Aujourd’hui au milieu de la grande confusion, le langage se veut efficace, net et précis.
Mais pour moi cette mécanique rationnelle technocratique, ça ne marche. Entouré par les traînées fantômes de discours itératifs qu’on vous repasse à longueur de journée, soli de communicants qui diffusent des messages moulés à propos du Pouvoir, à propos du sang, du sexe, de la santé ou à propos de fortunes bonnes ou mauvaises, moi je m’invente d’autres issues. En fait, je n’y peux rien. Ça rentre « sens » par une oreille, et « son » par l’autre. Ça se fait tout seul, une distorsion, comme lorsque vous mettez de la pâte dans une machine et qu’il en ressort des coquillettes, des cannelloni, des spaghetti ou linguine. Comme un « rubik-cubiste » fait tourner dans ses mains les couleurs, j’entends des mots sans raison.

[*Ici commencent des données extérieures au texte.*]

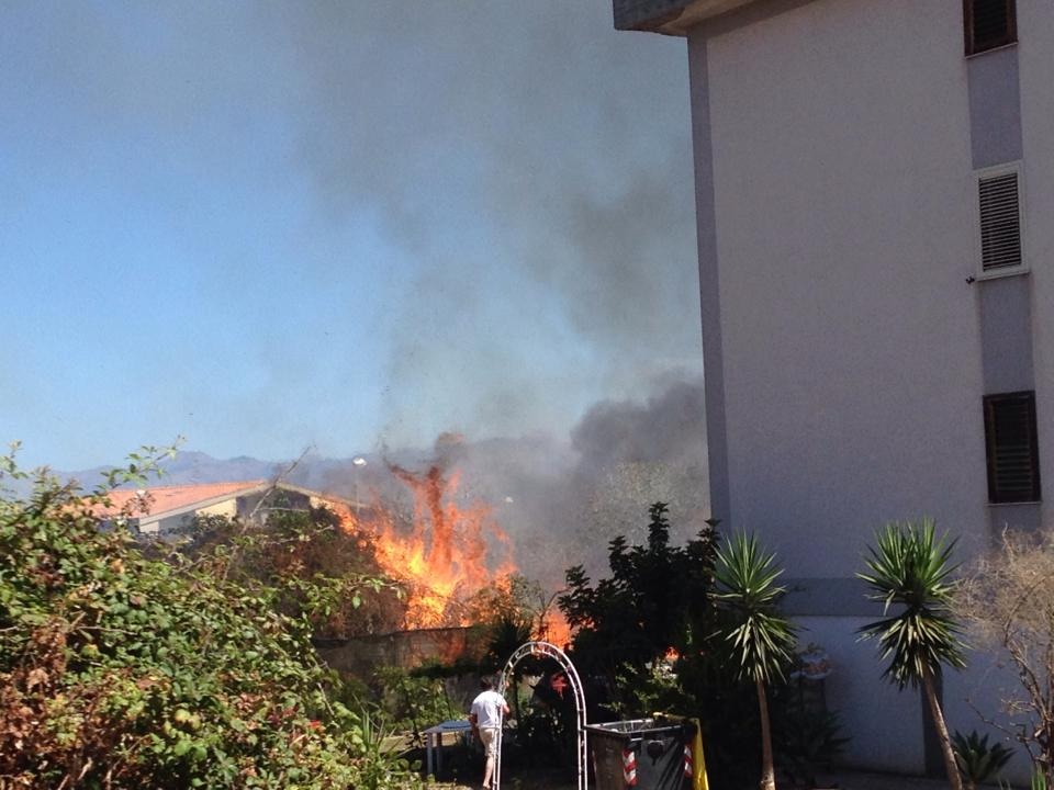 Presente anche una pattuglia della Polzia Locale del Comune di Riposto. Le fiamme si sono sviluppate nella zona di via Filosto nel quartiere Quartirello e le lingue di fuoco hanno rischiato di attaccare le vicine abitazioni.

Ça n’a pas de sens, et alors ? N’y a-t il donc que les polémiques qui soient amusantes pour l’esprit ? Jeu du je, à tu et à toi, sur une île sans elle, à genou j’avoue, (Eels in Hells), diphtongues croissantes ou hiatus, métaphores, allégories ou paraboles, figures de style ou mots croisés, tordus, mots valises, rythmés ou musicaux, le son des mots tourne dans ma tête quand on me parle, et tout autant quand on ne me dit rien d’ailleurs.
Être fun, comme « porte et fenêtre »; une manière de s’aérer l’esprit embrumé par tant de propos âcres et fumeux. Juste comme ça, voici ceux qui me sont venus ce matin, (certains ressemblent presque à des titres de LIBÉ).
Jeux de mots inutiles
en CAPITALES.
T’es homeless, TÉHÉRAN, t’es nu, ABOU DABI,
Tu mises à PARIs, tu achètes à DUBAï,
En tout cas, tard (ou tôt), tu paies c’ que tu DOHA,
Si SARAJEVO, pas cher, plus d’un s’est fait avoir à BERNE,
S’il y a « jambes », BRASilia aussi,
T’as ralenti à OSLO et dix à ATHÈNES (bilingues),
9 à ADDIS-ABEBA (et à dix y a débat),
Tu bois du blanc à DUBLIN, t’es bourré à SEOUL,
Tu te réveilles à ANDORRE, mais tu blagues à la HAVANE.
Chassé de KINSHASA, les réfugiés VIENNE en Autriche,
Contre SINGAPOUR, et d’accord à DAKAR,
BUENOS AIRES de courir, il faut partir à point,
Si la drogue est partie, KAMPALA,
Un père pris la main dans le sac, c’est BAGDAD,
Bien élevé à TRIPOLI,
Le miracle Allemand, c’est BERLIN l’enchanteur.
Etc.
Un de mes oncles, par ailleurs ingénieur, inspiré par Pierre Dac, par la pataphysique ou le parti d’en rire, vingt fois nous ressortait souvent sa blague «le taxi ralenti parce que le taciturne », bon ça me faisait pas rire, mais quand j’étais gamin, je ne comprenais surtout pas pourquoi il s’excusait ensuite. Pourquoi donc fallait-il s’excuser de n’avoir pas entendu les mots pour ce qu’ils disent ? Faut-il demander toujours pardon de ne pas penser comme tout le monde et/ou jouer sur les mots?
J’en connais tant de ces tribuns politiques ambitieux arrogants, de ces écrivains présomptueux ou idoles niaiseuses, et autres journalistes aussi vaniteux que cyniques qui balancent des âneries bien pires que ces calembredaines homophoniques, calembours paronymiques, bigrammes, boutades, et autres jeux de mots dits « pourris », devant les caméras de la France entière, au journal de 20h, ou là où « Tout le monde en Parle », sur des radios d’états, ou au micro des Nations-Unies, sans jamais chercher la moindre excuse…
Pourquoi faut-il s’excuser de jouer sur le mal dur, ou les maux doux,
Démon des mots émerveillés par mots et par « vont », par monts et par vaux devil en ville.
® CharlElie – Oct 20XV
PS : En passant, le terme de poësie s’écrivait jadis avec un tréma, il signifiait « faire », « créer ».
Chez les grecs le poète n’est pas un contemplatif, mais un créateur, un inventeur de formes expressives.